Relationship between intracellular Ca²⁺ and ROS during fluoride‐induced injury in SH‐SY5Y cells

Xu, Zhixia / Xu, Bayi / Xia, Tao / He, Weihong / Gao, Ping / Guo, Lijuan / Wang, Zhenglun / Niu, Qiang / Wang, Aiguo

The mechanisms underlying the neurotoxicology of endemic fluorosis still remain obscure. To explore lactate dehydrogenase (LDH) leakage, intracellular Ca²⁺ concentration ([Ca²⁺]_i) and reactive oxygen species (ROS) production induced by fluoride, human neuroblastoma (SH‐SY5Y) cells were incubated with sodium fluoride (NaF, 20, 40, 80 mg/L) for 24 h, with 40 mg/L NaF for 3, 6, 12, 18, 24 h, and N‐acetyl‐L‐cysteine (NAC), ethyleneglycol‐bis‐(β‐aminoethyl ether)‐N,N,N′,N′‐tetraacetic acid (EGTA), 1,2‐bis(O‐aminophenoxy)ethane‐N,N,N′,N′‐tetraacetic acid tetra(acetoxymethyl) ester (BAPTA‐AM) alone or combined with fluoride (40 mg/L) respectively for 12 h in vitro.
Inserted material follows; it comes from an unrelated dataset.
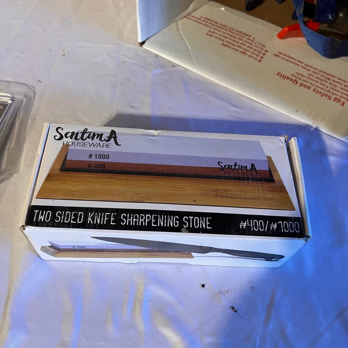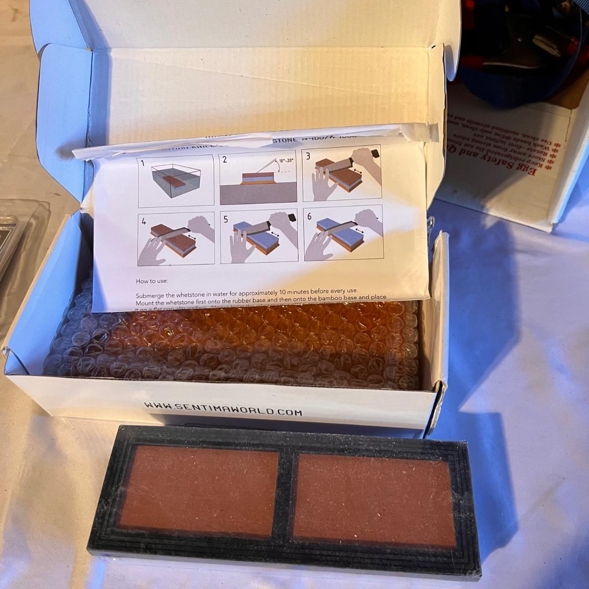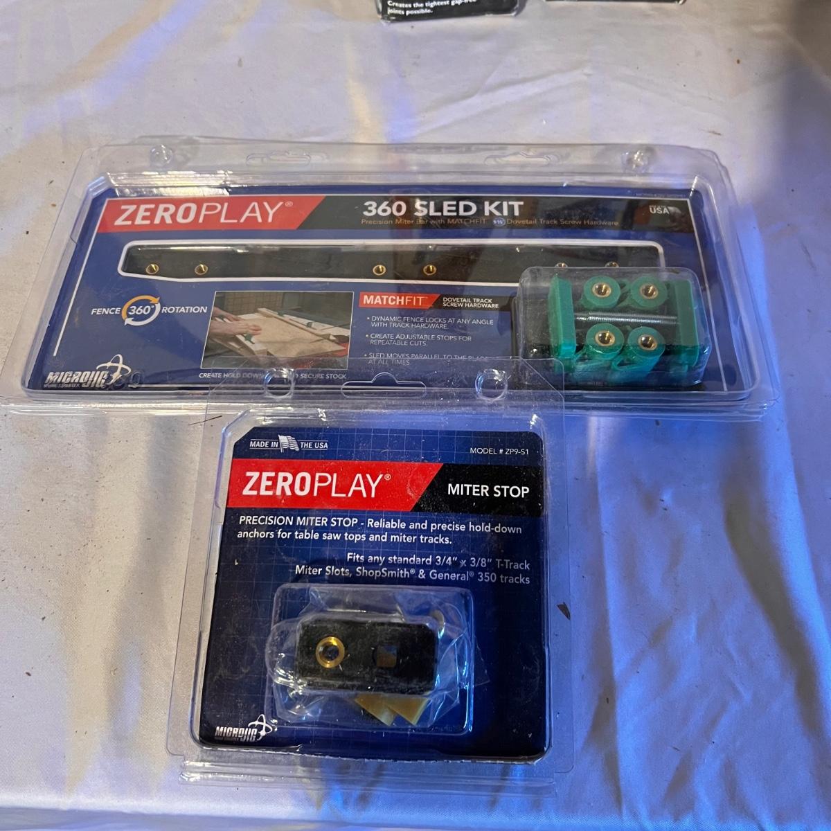 Three sets of box joint cauls (1/4, 1/2 and 3/8), a new in box Sentima two sided knife sharpening stone. Zeroplay miter stop and 360 sled kit that are also new in box. Approximately 6 clamps and a couple of ratchet straps.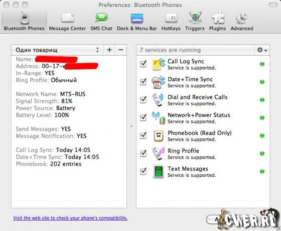 BluePhoneElite - программа, которую можно смело рекомендовать любому обладателю компьютера Apple и мобильного телефона с поддержкой Bluetooth. Она устанавливает соединение между компьютером и телефоном и позволяет полноценно управлять последним. Например, при поступлении звонка на ваш мобильный телефон, на мониторе компьютера появится окно, повествующее о номере звонящего и его имени (если, конечно, номер определен телефоном и имя есть в записной книге). После чего вы можете принять вызов - останется взять в руки телефон, или же отклонить его. Хотите позвонить сами? Пожалуйста - в разделе Call Center вы сможете выбрать номер из списка, или набрать самостоятельно. Особенно возможности управления звонками понравятся обладателям беспроводных гарнитур - телефон вообще не придется брать в руку.

The results showed that the LDH levels in the 40 and 80 mg/L fluoride‐treated groups were significantly higher than that of the control group (in the test level of 0.05, the difference were statistical significance). [Ca²⁺]_i and ROS reached a peak at 3 h and 12 h respectively after exposure to 40 mg/L fluoride. Fluoride coincubated with NAC (antioxidant) dramatically decreased ROS and LDH levels compared with the fluoride only group (in the test level of 0.05, the difference were statistical significance). However, fluoride‐induced increase in [Ca²⁺]_i was not affected by NAC. BAPTA‐AM (intracellular calcium chelator) markedly lowered fluoride‐induced increase of [Ca²⁺]_i, ROS and LDH levels while EGTA (extracellular calcium chelator) have no effects on them. These results indicate that fluoride‐related Ca²⁺ release from the site of intracellular calcium storage causes the elevation of ROS contributing to the cytotoxicity in SH‐SY5Y cells. © 2011 Wiley Periodicals, Inc. Environ Toxicol, 2013.